# Triangular planter for patio



## DonB (Mar 20, 2006)

My wife would like me to build a triangular planter for a corner of the patio. The wind blows in this part of the yard all the time and blows mulch and birdseed from nearby feeders onto the patio. I'm considering a few options, but would like some advice for this. 

I can get cedar and redwood decking at the local lumberyard, I think these would probably be fine. Any problems anyone can see with them? I would like to avoid pressure-treated wood, partly so my kids can help with it. (They know all about the "wood with the poison" and can even pick it out at the lumberyard by its color.)

Since the request is for a triangular planter it calls for mitered ends.

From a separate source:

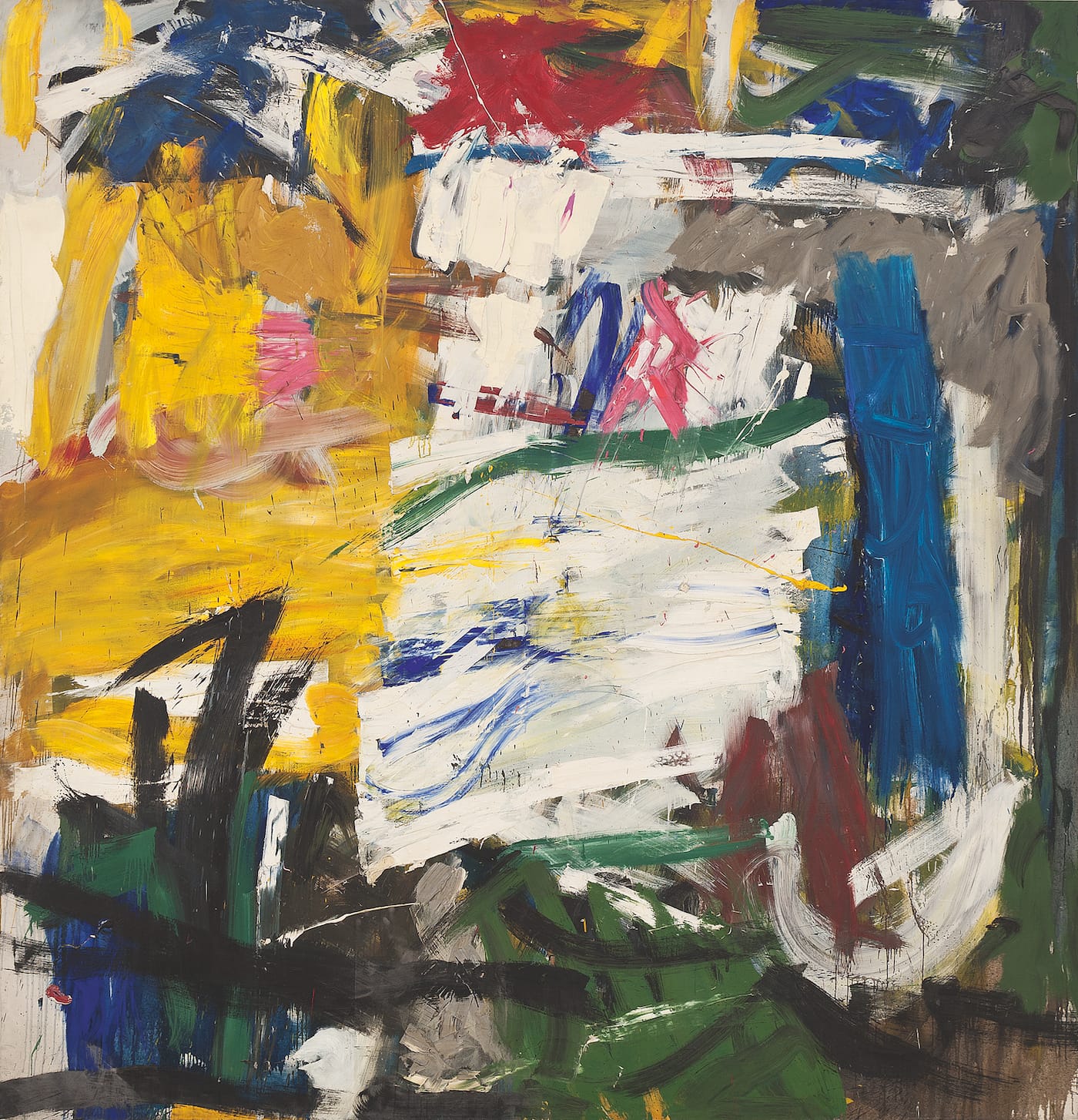 Park Avenue Façade (1956-57) may be the most engaging of the early work in the show. A nearly square vertical, it measures in at approximately 9 feet by nine feet. The painting, echoing its title, is architectonic: dynamic but stable, anchored by a balanced set of strong verticals and horizontals. Its lively surface is vigorously brushed; a fat rectangle of sullied yellows, on the left, abuts a streaky slab of white in the center, which in turn is held in place by a pillar of cerulean blue on the right. The bottom of the painting is grounded by deep greens and browns, while flashes of hot lipstick pinks and reds illuminate its upper half. This was the kind of painting that artists of the day wanted to paint — big, full-throated, spatially and chromatically complex, resolutely reflecting the noisy, gritty urban life that gave birth to it. It feels edgy and improvisational, yet assured — just like the bebop jazz that Goldberg and other artists loved. (Did Mike actually sit in with Charlie Parker at the legendary Five Spot Café on Cooper Square, as he claimed? Probably not, but it was a good story — and he did, along with his Abstract Expressionist friends, frequent the jazz club and pay for his drinks with art.)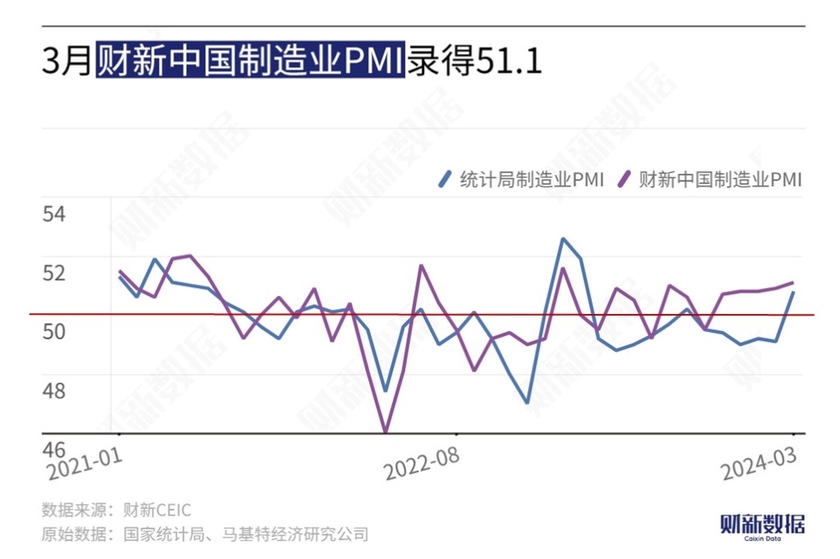 隨著春節(jié)后快速復(fù)工復(fù)產(chǎn)、市場活躍度回升,中國制造業(yè)擴張速度加快。4月1日公布的3月財新中國制造業(yè)采購經(jīng)理指數(shù)(PMI)錄得51.1,高于2月0.2個百分點,已連續(xù)五個月位于擴張區(qū)間,創(chuàng)2023年3月來新高,顯示制造業(yè)生產(chǎn)經(jīng)營活動加速向好。此前一日,國家統(tǒng)計局公布的3月制造業(yè)PMI錄得50.8,較前值上升1.7個百分點,2023年10月以來首次高于榮枯線。

I have a miter box (the manual kind) which I think would be a struggle to make work for this situation. Anyone have any suggestions for a better way to attach the sides than mitering them and attaching them? I have a small router table available and a plunge/fixed Dewalt router - something I can do with that? Or should I start looking for someone whose power miter saw I can borrow? 

Anyone know of any plans that I could get my hands on for planters (triangular or otherwise?) 

An option I have is to make it quasi-rectangular with 90 degree corners, an "L" shaped one, but I like the challenge of the triangle if I can pull it off. 

Thanks in advance for your advice.

Don


----------



## bobj3 (Jan 17, 2006)

Hi Don

You didn't say how big the planter would be but I would suggest using one of the new deck stock boards(plastic man made boards) they are safe and cut just like real wood.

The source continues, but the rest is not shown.